Thread-local allocation stack.

With this change, Ritz MemAllocTest gets ~14% faster on N4.

Bug: 9986565
Change-Id: I2fb7d6f7c5daa63dd4fc73ba739e6ae4ed820617
diff --git a/runtime/gc/heap.h b/runtime/gc/heap.h
index e416c0e..80a5a1a 100644
--- a/runtime/gc/heap.h
+++ b/runtime/gc/heap.h
@@ -111,6 +111,9 @@
 // If true, use rosalloc/RosAllocSpace instead of dlmalloc/DlMallocSpace
 static constexpr bool kUseRosAlloc = true;
 
+// If true, use thread-local allocation stack.
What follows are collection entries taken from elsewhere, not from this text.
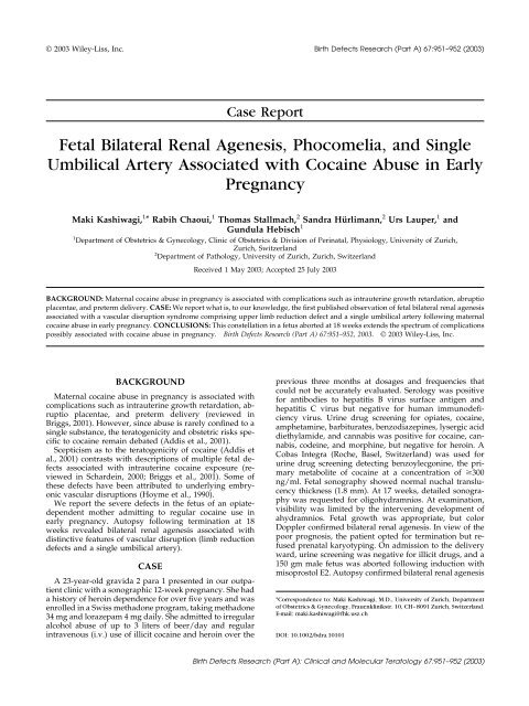 Fetal Bilateral Renal Agenesis Phocomelia And Geburtshilfe
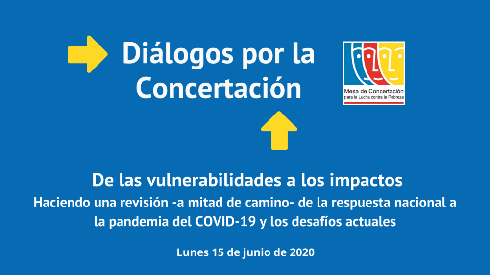 El COVID-19 nos exige una revisión constante a la respuesta nacional a la pandemia, a los impactos en la calidad de vida de la población y las vulnerabilidades que amenazan el bienestar de todas las personas. Por ello, la Mesa de Concertación para la Lucha contra la Pobreza convocó a los destacados especialistas Francisco Santa Cruz, coordinador de los IDH de PNUD, Javier Herrera, Director de Investigaciones y representantes para el Perú del IRD, Giovanna Vásquez Luque, Gerente de Conveagro y Martha cuentas Anci, presidenta de la Asociación Nacional de Centros ANC, Directora Ejecutiva de FOVIDA y representante en CONADES, quienes participaron en el Diálogo por la Concertación del lunes 15 de junio.
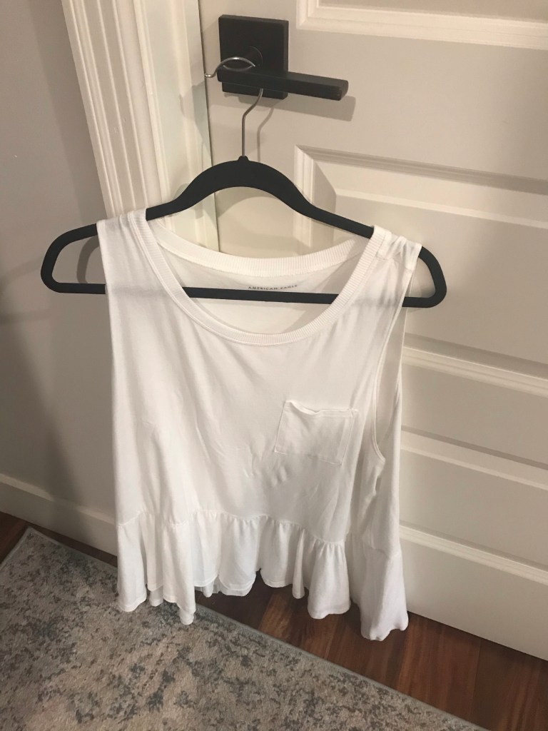 This is American Eagle and still had original tag on it which said $28. I bought it for $7. I thought this would be cute under a kimono and already wore it that way. I had been wanting to try a ruffle at the bottom but wasn’t sure if I could pull it off with my mid-section area.
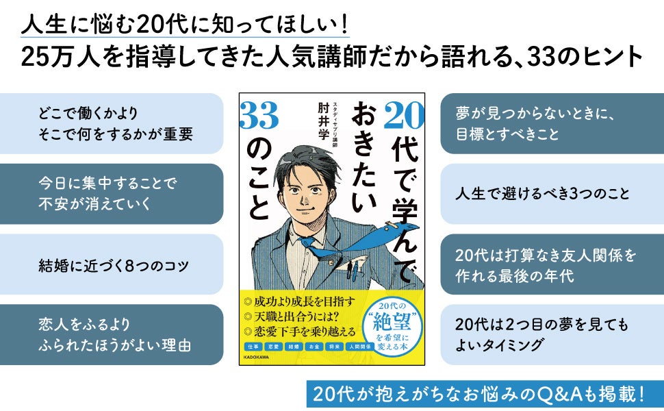 株式会社KADOKAWA(本社:東京都千代田区、取締役 代表執行役社長 CEO:夏野剛、以下KADOKAWA)は、『20代で学んでおきたい33のこと』(著:肘井学)を2025年2月13日(木)に発売いたしました。
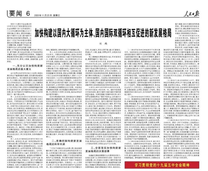 11月25日,中共中央政治局委员、国务院副总理、国务院金融稳定发展委员会(以下简称金融委)主任刘鹤在《人民日报》发表署名文章,详解加快构建以国内大循环为主体、国内国际双循环相互促进的新发展格局的背景、内涵及其实施路径。
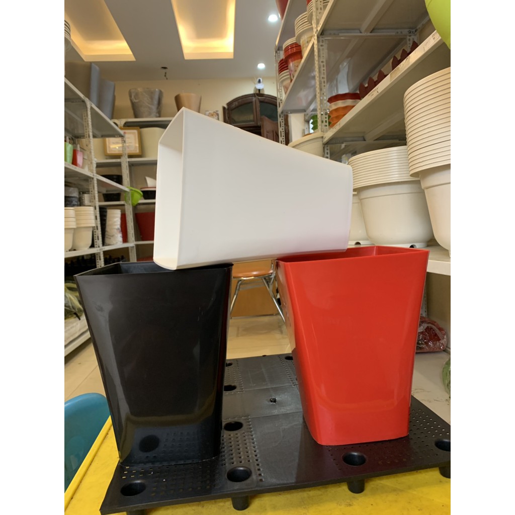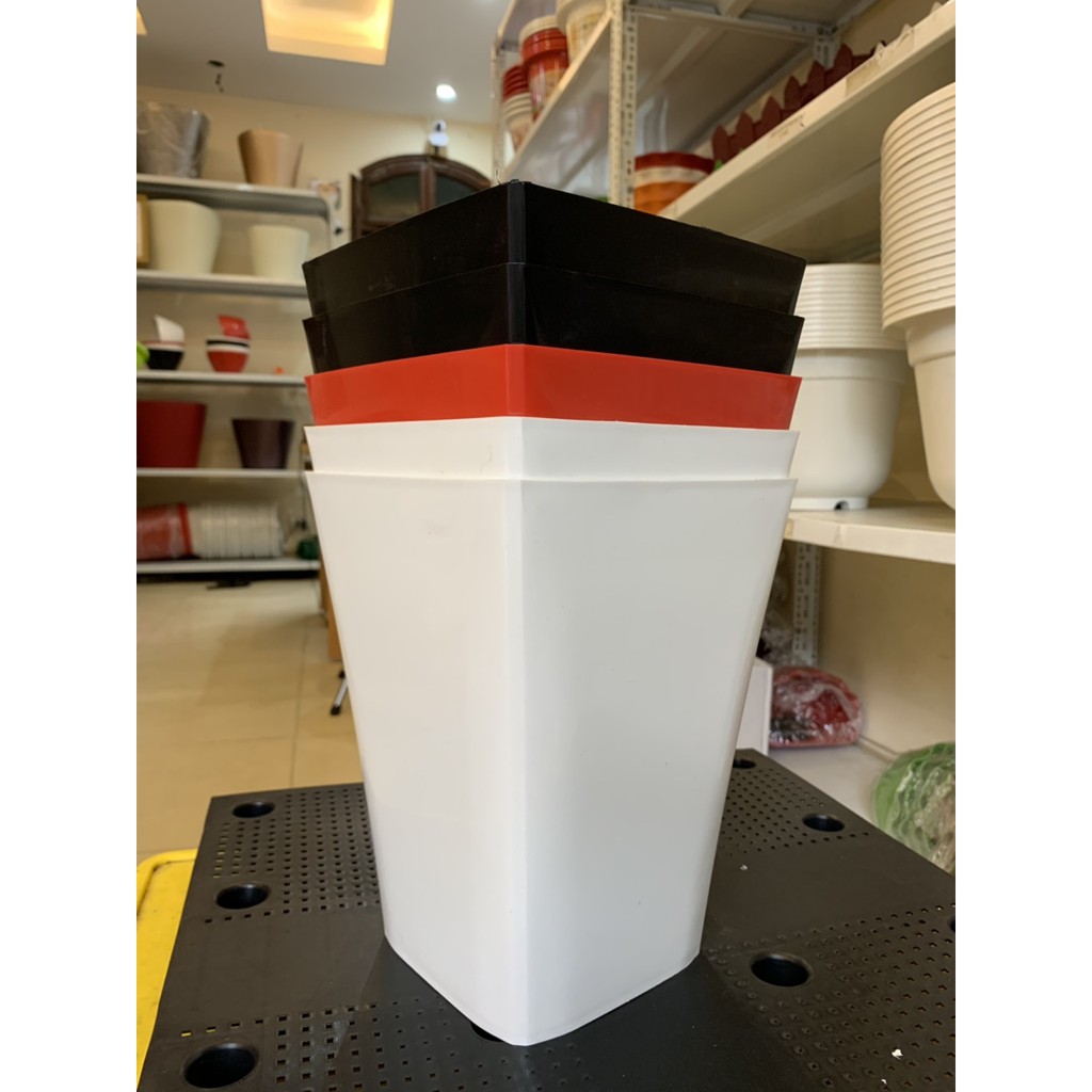 conbo HOT 5 chậu vuông miệng 20cm cao 25cm siêu đẹp , có 3 màu đen đỏ trắng(được chọn màu)

+static constexpr bool kUseThreadLocalAllocationStack = true;
+
 // The process state passed in from the activity manager, used to determine when to do trimming
 // and compaction.
 enum ProcessState {
@@ -665,11 +668,17 @@
       SHARED_LOCKS_REQUIRED(GlobalSychronization::heap_bitmap_lock_);
 
   // Swap the allocation stack with the live stack.
-  void SwapStacks();
+  void SwapStacks(Thread* self);
+
+  // Revoke all the thread-local allocation stacks.
+  void RevokeAllThreadLocalAllocationStacks(Thread* self);
 
   // Clear cards and update the mod union table.
   void ProcessCards(TimingLogger& timings);
 
+  // Push an object onto the allocation stack.
+  void PushOnAllocationStack(Thread* self, mirror::Object* obj);
+
   // All-known continuous spaces, where objects lie within fixed bounds.
   std::vector<space::ContinuousSpace*> continuous_spaces_;